# Nice NV Cuttys



## Muley73 (Nov 20, 2010)

Son just got back from a great flyfishing trip to NV. Said the weather was not the best but they still had a ball.


----------



## Muley73 (Nov 20, 2010)

Couple more pics


----------



## Muley73 (Nov 20, 2010)




----------



## Muley73 (Nov 20, 2010)

Sorry for the multiple posts. Phone will only upload one pic per post.


----------



## brookieguy1 (Oct 14, 2008)

Nice Lahontans!


----------



## outdoorser (Jan 14, 2013)

Cool!!


----------



## Springville Shooter (Oct 15, 2010)

Did he fish from a ladder? I love that place.-------SS


----------



## Muley73 (Nov 20, 2010)

SS,
Yes 14 hr days on the ladder!


----------



## swbuckmaster (Sep 14, 2007)

Thats a big un


----------



## 30-06-hunter (Sep 22, 2013)

Is that the place on the reservation?


----------



## brookieguy1 (Oct 14, 2008)

30-06-hunter said:


> Is that the place on the reservation?


 Hope I don't upset the original poster,but yes.


----------



## 30-06-hunter (Sep 22, 2013)

brookieguy1 said:


> Hope I don't upset the original poster,but yes.

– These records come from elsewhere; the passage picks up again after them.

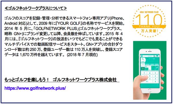 ゴルフネットワークプラス株式会社(東京都江東区・代表取締役社長 菅原 崇)が提供する登録ユーザー数110万人以上、多くのゴルファーが愛用する国内ダウンロード数No.1のゴルフアプリ「ゴルフネットワークプラス」(以下GN+、ゴルフスコア管理、動画配信サービス)では、2018年7月19日(木)~7月22日(日)にスコットランドのカーヌシティで開催される世界最古のメジャートーナメント「2018全英オープンゴルフ選手権」の全ラウンド計49時間のライブ配信を、7月19日(木)14時30分からスタートします。
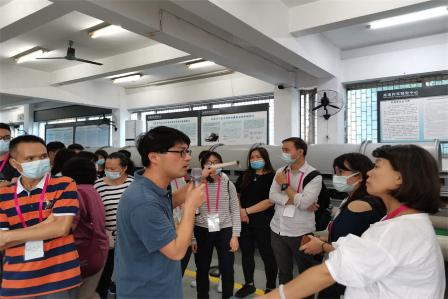 随后,在交通学院志愿者的引领下,代表团来到了高速列车研究中心(即轨道交通安全教育部重点实验室),参观动模型试验台、实车撞击试验台,由交通学院高速中心张老师、周老师负责介绍。
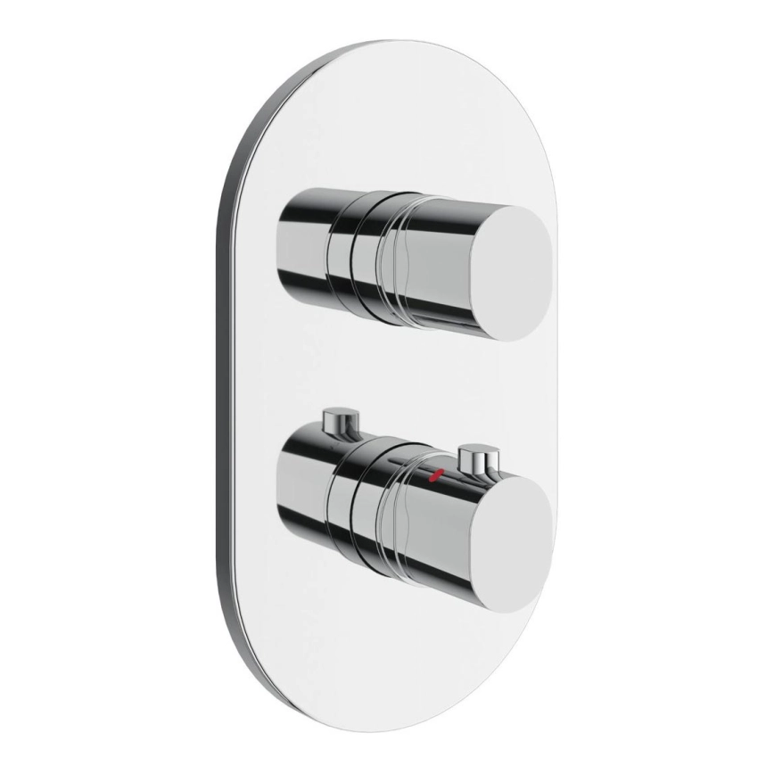 • Termostatiskais iebūvējamais divu ceļu jaucējkrāns Chrome II ar eleganto hroma apdari ir paredzēts uzstādīšanai instalācijas korpusā.
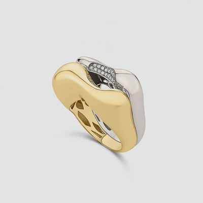 Kıvrılan bir heykel gibi... Xelvora, cesur olanın zarafetle buluştuğu yerde doğar. Mat altın ve parlak metalin akışkan geometrisi, her açıdan farklı bir hikâye anlatır. Takıda sınırları kaldıran bu parça, klasik formülleri yıkar ve kendine özgü bir stilin manifestosuna dönüşür.
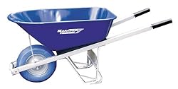 The Marathon Industries 6-cubic-foot steel wheelbarrow moves heavy loads without straining your back. This professional grade wheelbarrow features steel construction, including heavy duty square handles with ergonomic grips for maximum strength, a thick tray, and cross brackets between the legs under the tray. Extremely sturdy, it has stabilizing legs and feet. The entire wheelbarrow comes with a durable blue powder coat finish.

It's no real secret, plus I was being vague, if you have the time/money and follow their rules you can have a great time. My brother in law went a year or two ago and had a blast, but it spoiled him on wanting to always catch big fish ever since.


----------



## brookieguy1 (Oct 14, 2008)

30-06-hunter said:


> It's no real secret, plus I was being vague, if you have the time/money and follow their rules you can have a great time. My brother in law went a year or two ago and had a blast, but it spoiled him on wanting to always catch big fish ever since.


It's not the gear or license that cost that much. The main issue is the 8-10 hour drive and the gas to get there! Beautiful, big, hard fighting cutts for sure though.


----------



## Muley73 (Nov 20, 2010)

Yep it's the reservation. My oldest is heading back tomorrow with my youngest son and my dad. Gear new 8wt for my 15 yr old at Cabelas for 160.00, 4 day license 38.00, 600.00 in gas split 3 ways, 200.00 in food split 3 ways, Seems like a screaming deal in today's world for 4 days with their grandpa chasing world class trout. Compared to an out of state hunt it really is pennies on the dollar.

I like their spring break looking like this compared to other options.


----------



## Brookie (Oct 26, 2008)

And he is wearing a Spanish Fork Baseball hat


----------



## Springville Shooter (Oct 15, 2010)

Everyone who loves fish should do this once......right after a northwest Steelhead trip.-------SS


----------



## Muley73 (Nov 20, 2010)

Brookie, 
SF Giants!!! He's an old Mountian Crest boy, Spanish Fork is fightin words! Lol


----------



## LOAH (Sep 29, 2007)

Nice Laho's. I've GOT to get out there someday.


----------